I’m joking, of course, but, anyway, in order to prevent such a thing from happening, here’s the www coming to the rescue.

Critix, on the other hand, is part of a chain of great French and Belgian magazines about comics that started with Thierry Lagarde’s STP (1977 – 1980) and finished with Thierry Groensteen’s and Jean-Pierre Mercier’s 9e art / Neuvième art (1996 – 2009). After a first run in 1992/1993 it was relaunched in 1996 and twelve issues appeared until 2001. The writers were Évariste Blanchet, Renaud Chavanne, Jean-Philippe Martin, Jean-Paul Jennequin, Christian Marmonnier, but there’s also a couple of invited contributions (Jan Baetens’ “Bande dessinée et politique” (comics and politics; Critix # 5, Winter 1997 – 1998) or Pierre Huard’s very important series of essays about comics criticism : “Question de méthode“ (a matter of method; Critix # 8 – 10; Winter 1998 – 1999 – Spring 1999).

The critics at Critix wrote about individual authors (Tardi or Goossens), but they also had thematic issues: about computer comics, for instance… They wrote comics metacriticism a lot inventing a few interesting concepts like Renaud Chavanne’s “polish syndrome” (Critix # 7, Fall 1998): “[…] comics criticism suffers from a few shortcomings that we, at Critix, refer to frequently, sometimes angrily, sometimes showing pity, most of the times with distress. Even so, to those who search for a comment, an explication, an understanding of comics, the path is well hidden. It’s not that the stuff doesn’t exist because those who seek will find lots of fanzines and a few books easily. Unfortunately these are carbon copies of a formula: an interview with an artist in which the interest of the questions and answers is doubtful, followed by a long bibliographical list. Here’s, then, comics criticism’s orthodoxy, it’s litany, but also, if I dare say so, its polish complex [by comparison with the queues during communist times]: the pleasure of lists, the [sterile] erudition that they display, the pleasure of the lineup.”

Sounds familiar?

Conte Demoniaque: The End of Times

(Originally published in French as Conte Démoniaque: La fin des temps by Fabrice Neaud[1]. Critix 2 (1997): 37-53. This translation by Derik A Badman.)

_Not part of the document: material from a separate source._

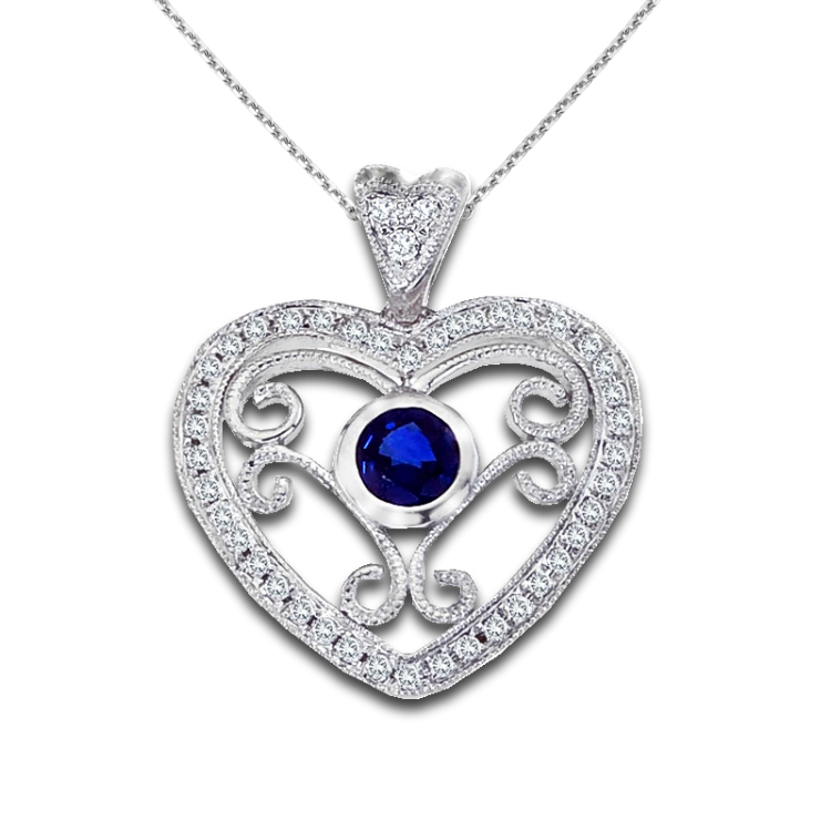 14K White Gold Precious Round Sapphire and Diamond Filigree Heart Fashion Pendant
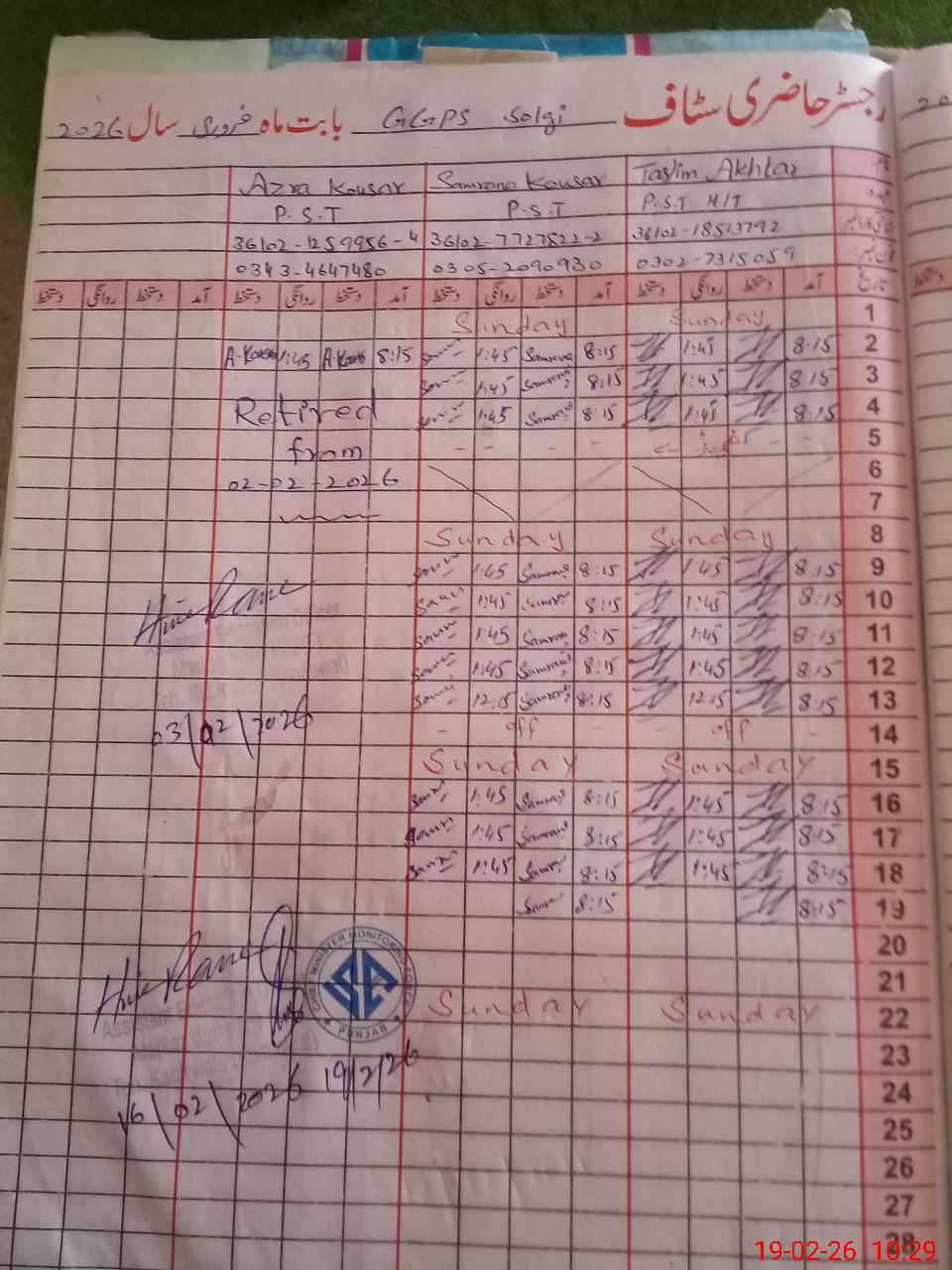 | CNIC | Full Name | Designation | R/C | Absence During Last Calender Month |

Conte Démoniaque [Demonic Tale] was published by L’Association in January 1996. Begun in 1992, Conte Démoniaque is, for the moment, the most colossal work of Aristophane[2], at no less than 300 pages in length. Fifty original pages were shown at the “Angels and Demons” exhibit in the Centre National de la Bande Dessinée et de l’Image during the Salon de Bande Dessinée ’94 at Angoulême. Apart from Lewis Trondheim’s Lapinot et les carottes de Patagonie[3] (from the same publisher), there isn’t, to my knowledge, a work of comics[4] as imposing as this. You would have to look towards Japan to find similar monsters, although, there the monstrosity of volumes can sometimes have the same poverty as the 48 page albums which hold sway in our part of the world. Only through the courage of the author and the publisher can such a brick distinguish itself from the rest of the comics produced. Of course, quantity isn’t sufficient to make quality, but be assured that with an author like Aristophane, quantity was a prime component of a project which, had it been narrower in scope, would have been only a summary.

Context

Conte Démoniaque resembles nothing else in comics. The story takes place in Hell. This Hell is nothing like those described by other stories, often just approximate reinterpretations of the old myth. This is Hell seen through the prism of the religion which officially gave it birth: the Judeo-Christian. Though, as will be seen later, Aristophane’s vision of Judeo-Christian Hell has been considerably enhanced. The reader is immediately plunged into a radical vision of this hell. Its basic principle is simple: to each sin corresponds a punishment, and the intangible spirit which decided it all doesn’t seem to be joking. It is interesting to note that to enjoy the inspirations of the devil, it is necessary to be in a time marked by faith. This is far from the case; even if the media continues to wave the ghost of religious intolerance over our heads, we must admit that the 20th century was far from being a century of religion. Therefore we don’t err in thinking the believer is a race on the path to extinction. The vision of the divine question proposed here is positively archaic and assumed as such. Of course, comics already overflow with deities, it delights in them, it loses itself in them. There is something aesthetic in the divine. But what citizen, tickled by a mystical streak, knows the true implications of faith? It is enough to look to The X-Files to realize that the pervading secularity cheerfully conflates faith and supernatural nonsense. Don’t be mistaken here: the aesthetic joy of our cheap mysticism has nothing more seductive than Roswell aliens. The most disastrous consequences of this are the results seen in comics: a soothing bestiary of small deities who boast of ruling the universe when they can’t even hold a candle to what scientist’s speculate about the power of particles. Depicting the gods has a particular joy, often the guarantee of special effects or the chance for the author to make use of his visual pyrotechnics. But on closer scrutiny, those gods don’t have the hoped for power, even less the mystery. In the end, who do they resemble? Only what the authors who created them are capable of imagining: themselves at their best, which is to say, nothing much.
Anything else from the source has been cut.